= National Biodiversity Network =

Biodiversity collaboration in the UK

The National Biodiversity Network (UK) (NBN) is a collaborative venture set up in 2000 in the United Kingdom committed to making biodiversity information available through various media, including on the internet via the NBN Atlas—the data search website of the NBN.

==Description==
It is estimated that up to 60,000 people routinely record biodiversity information in the UK and Ireland. Most of this effort is voluntary and is organised through about 2,000 national societies and recording schemes. The UK government through its agencies also collects biodiversity data and one of the principal elements for the collation and interpretation of this data is the network of Local Environmental Records Centres.

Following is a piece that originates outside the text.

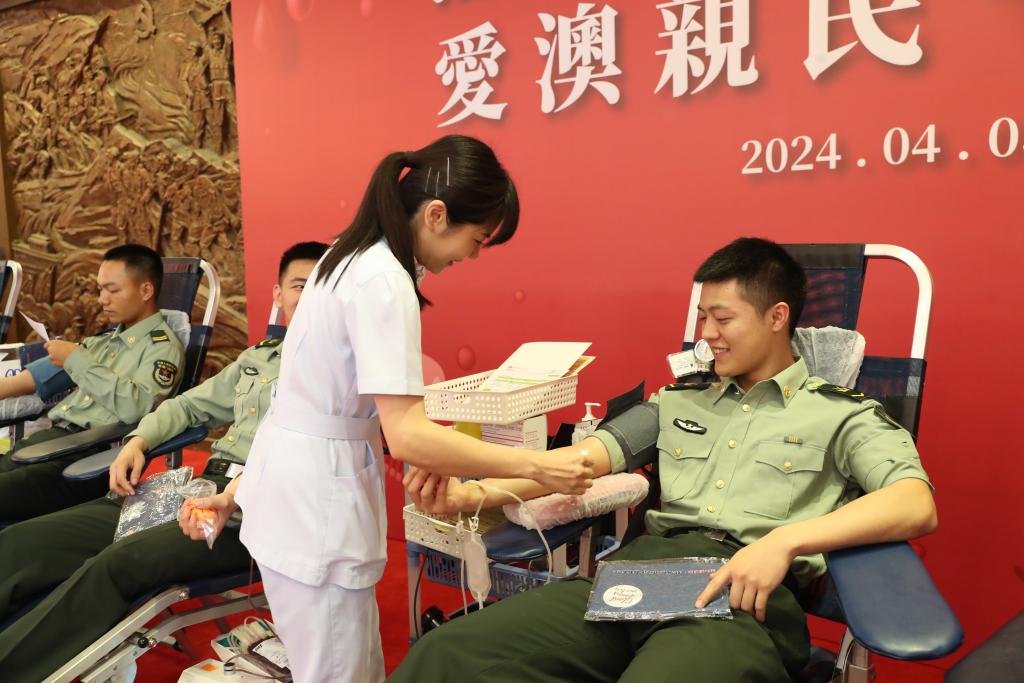 新华社澳门4月4日电(李松 刘刚)解放军驻澳门部队近日在氹仔营区参加澳门特区政府无偿献血活动,近200名官兵为澳门同胞无偿献血近7万毫升。

In 2012, it had been listed in the top 1,000 UK charities that raised most donations.

==NBN Trust==
The NBN Trust—the organisation facilitating the building of the Network—supports agreed standards for the collection, collation and exchange of biodiversity data and encourages improved access. The present partnership consists of over 200 public and voluntary organisations and individual members.

The NBN Atlas currently holds over 300 million species records from over 1000 different datasets (August 2024). Data on the NBN Atlas can be accessed by anyone interested in UK, Northern Ireland and Isle of Man wildlife and can be searched at many different levels, as it allows the viewing of distribution maps and the downloading of data by using a variety of interactive tools. The maps can be customised by date range and can show changes in a species’ distribution.

The organisation believes that, by providing tools to make wildlife data accessible in a digitised and exchangeable form and by providing easy access to the information people need, wise and informed decisions can be made to ensure the natural environment is protected now and for future generations.

==Team==
The National Biodiversity Network Trust employs a team to facilitate and co-ordinate its growth and development and is governed by a Board of Trustees. The NBN Trust is a registered charity.